Data section:

★ ★ ★ ★ ★

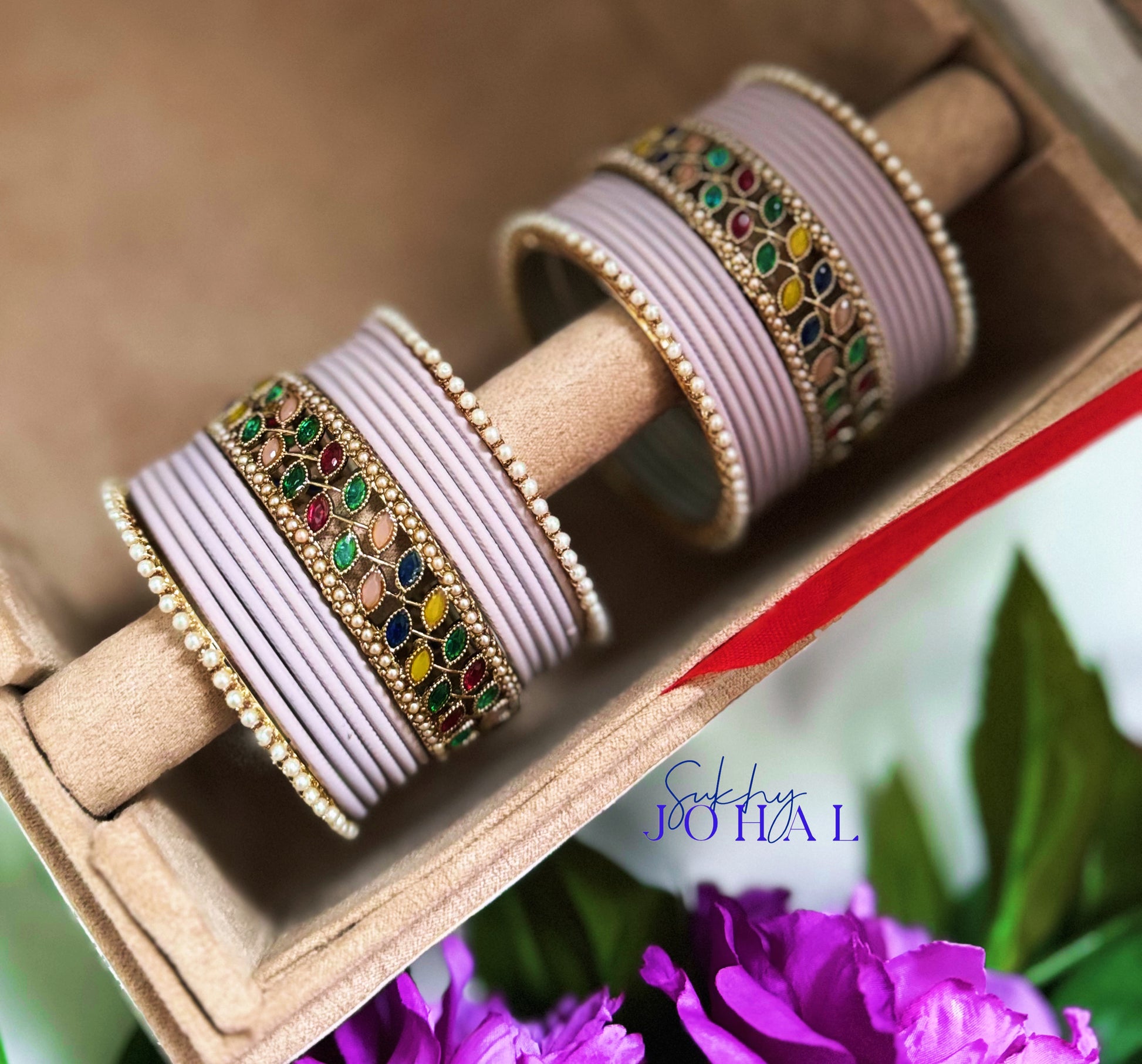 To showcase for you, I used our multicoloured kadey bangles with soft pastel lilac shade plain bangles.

★ ★ ★ ★ ★

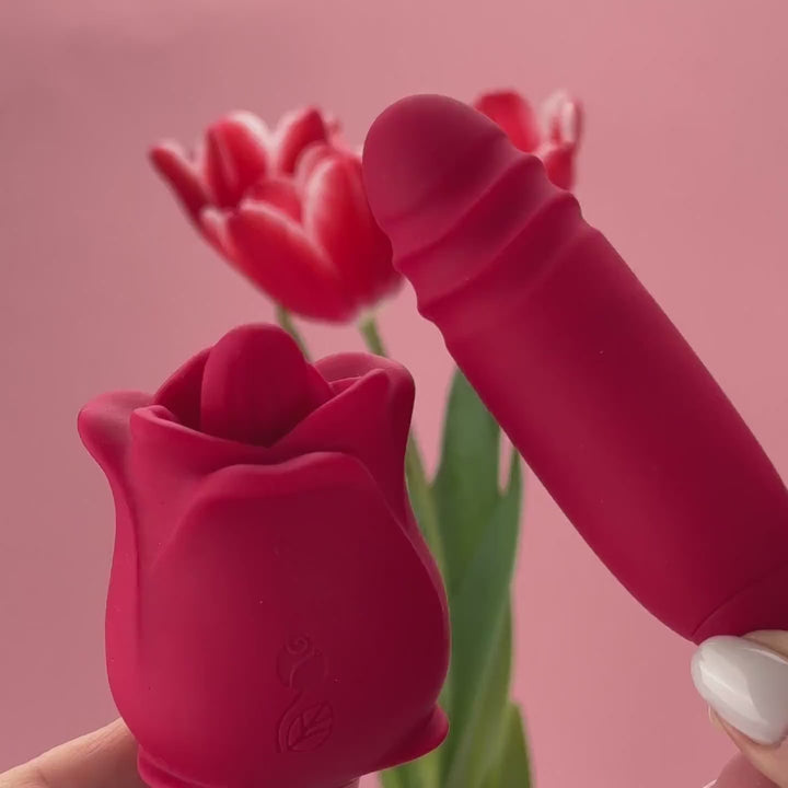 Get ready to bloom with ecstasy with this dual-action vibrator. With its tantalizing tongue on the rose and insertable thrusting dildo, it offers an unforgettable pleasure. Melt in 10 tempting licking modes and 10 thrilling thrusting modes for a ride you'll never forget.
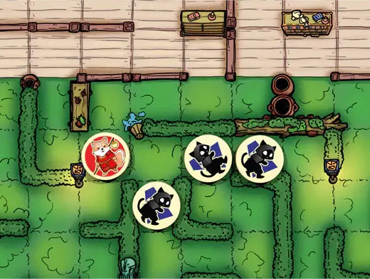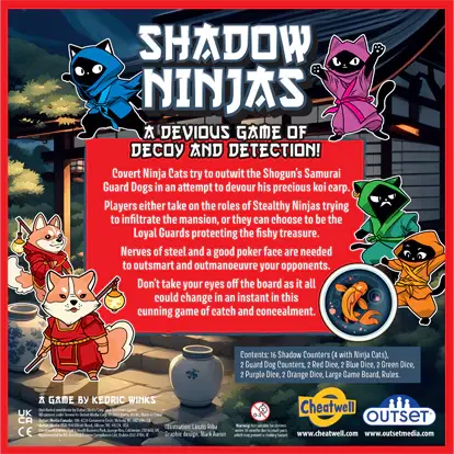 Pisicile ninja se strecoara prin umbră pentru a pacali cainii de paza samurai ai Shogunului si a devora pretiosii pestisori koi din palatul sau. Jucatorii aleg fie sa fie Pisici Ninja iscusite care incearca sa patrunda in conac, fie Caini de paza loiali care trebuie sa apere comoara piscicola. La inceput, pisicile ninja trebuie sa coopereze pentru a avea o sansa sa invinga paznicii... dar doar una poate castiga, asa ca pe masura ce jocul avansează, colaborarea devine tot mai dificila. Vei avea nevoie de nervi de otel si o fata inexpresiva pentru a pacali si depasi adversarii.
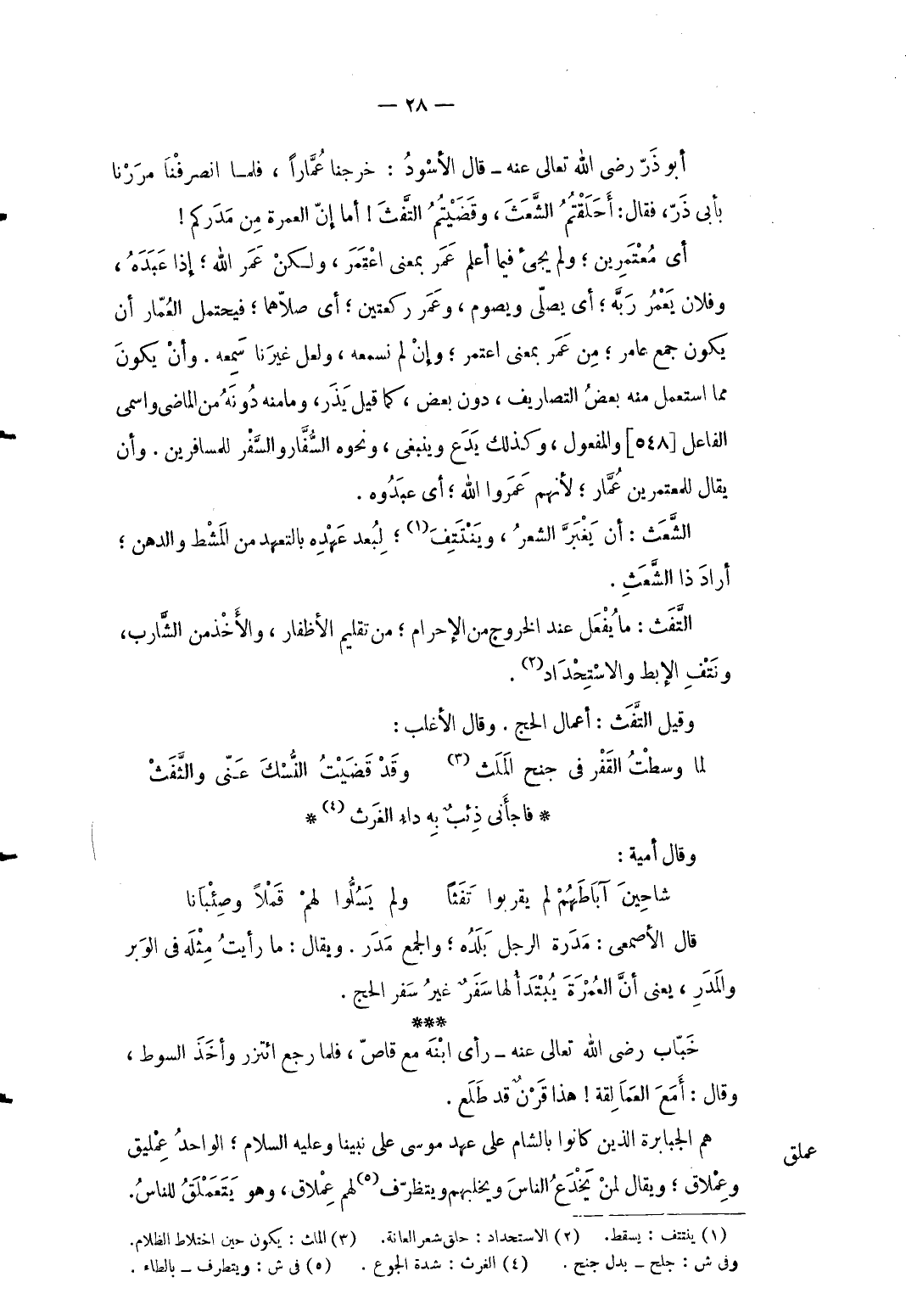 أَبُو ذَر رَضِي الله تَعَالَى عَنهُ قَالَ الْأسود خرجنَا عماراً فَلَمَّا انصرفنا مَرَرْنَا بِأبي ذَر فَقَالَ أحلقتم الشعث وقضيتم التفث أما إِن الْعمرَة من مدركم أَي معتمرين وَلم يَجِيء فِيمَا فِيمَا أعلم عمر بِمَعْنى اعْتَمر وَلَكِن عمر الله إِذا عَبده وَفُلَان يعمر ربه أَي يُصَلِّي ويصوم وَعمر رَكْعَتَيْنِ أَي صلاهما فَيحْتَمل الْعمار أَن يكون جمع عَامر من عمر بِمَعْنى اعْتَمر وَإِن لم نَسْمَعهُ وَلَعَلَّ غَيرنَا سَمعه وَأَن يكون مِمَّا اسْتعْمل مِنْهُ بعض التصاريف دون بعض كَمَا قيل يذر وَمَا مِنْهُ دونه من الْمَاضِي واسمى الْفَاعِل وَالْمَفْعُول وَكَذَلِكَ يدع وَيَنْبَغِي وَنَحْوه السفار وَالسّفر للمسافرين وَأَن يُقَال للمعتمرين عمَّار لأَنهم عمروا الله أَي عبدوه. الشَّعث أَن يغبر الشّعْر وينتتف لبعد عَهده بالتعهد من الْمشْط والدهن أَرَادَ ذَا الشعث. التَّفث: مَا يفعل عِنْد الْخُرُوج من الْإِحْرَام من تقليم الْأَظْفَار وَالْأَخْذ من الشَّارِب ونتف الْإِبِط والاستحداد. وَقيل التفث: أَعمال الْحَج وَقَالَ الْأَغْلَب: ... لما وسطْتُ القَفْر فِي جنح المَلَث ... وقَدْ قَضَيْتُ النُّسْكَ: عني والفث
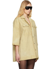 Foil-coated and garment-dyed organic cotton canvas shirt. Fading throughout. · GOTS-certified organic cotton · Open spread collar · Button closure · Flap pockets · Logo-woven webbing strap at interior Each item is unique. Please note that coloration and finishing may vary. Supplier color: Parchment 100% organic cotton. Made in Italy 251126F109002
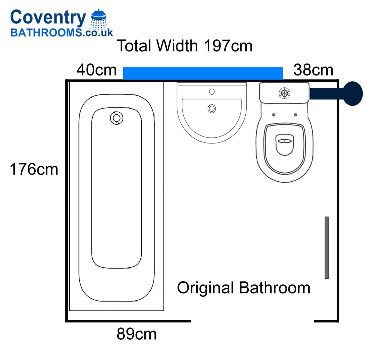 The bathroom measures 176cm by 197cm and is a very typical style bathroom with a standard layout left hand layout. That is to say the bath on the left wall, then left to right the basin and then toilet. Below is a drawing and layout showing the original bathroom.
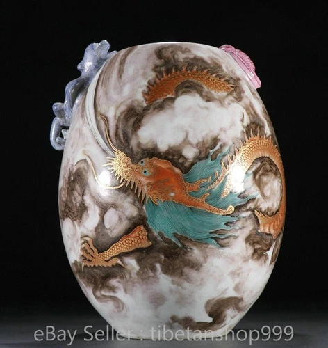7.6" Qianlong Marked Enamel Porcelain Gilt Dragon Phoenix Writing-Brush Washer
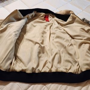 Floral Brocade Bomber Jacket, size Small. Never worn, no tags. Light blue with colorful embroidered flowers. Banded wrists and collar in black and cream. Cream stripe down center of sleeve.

★ ★ ★ ★ ★

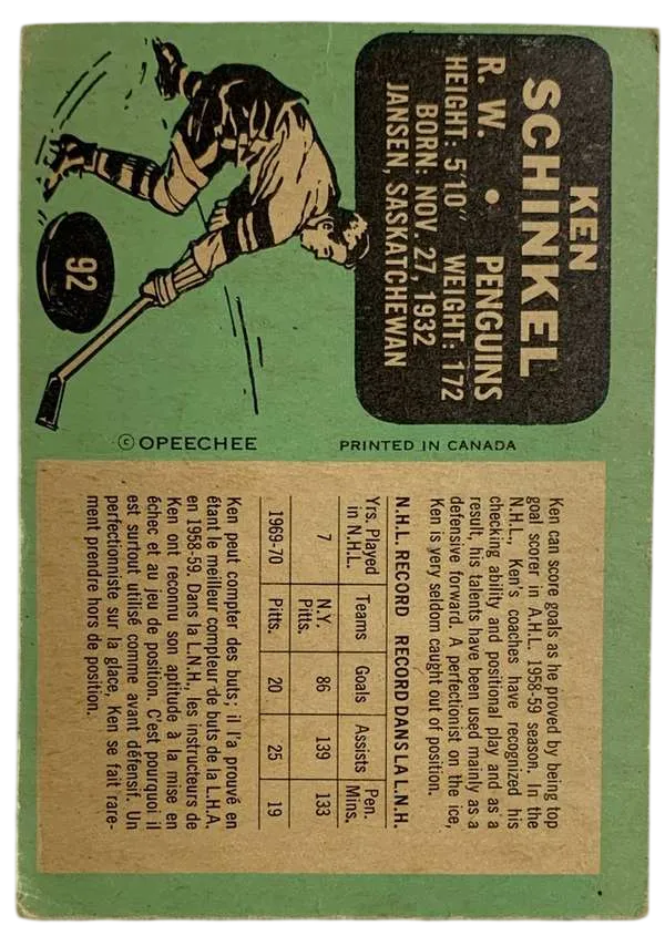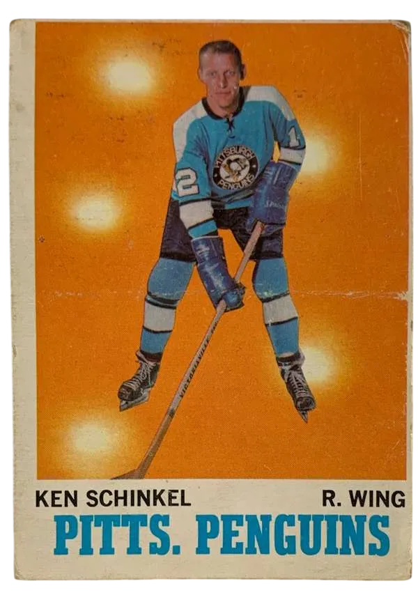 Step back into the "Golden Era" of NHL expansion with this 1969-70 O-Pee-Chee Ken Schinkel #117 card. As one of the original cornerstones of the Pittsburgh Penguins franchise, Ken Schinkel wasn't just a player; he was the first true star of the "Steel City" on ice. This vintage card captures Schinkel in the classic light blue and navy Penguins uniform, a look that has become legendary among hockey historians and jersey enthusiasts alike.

★ ★ ★ ★ ★

Task prompt: Copy exactly, without pictures, the lines above from the one with "Phoenix Writing-Brush Washer" down to the one with "Floral Brocade Bomber", inclusive.

Solution to the problem:
7.6" Qianlong Marked Enamel Porcelain Gilt Dragon Phoenix Writing-Brush Washer
 Floral Brocade Bomber Jacket, size Small. Never worn, no tags. Light blue with colorful embroidered flowers. Banded wrists and collar in black and cream. Cream stripe down center of sleeve.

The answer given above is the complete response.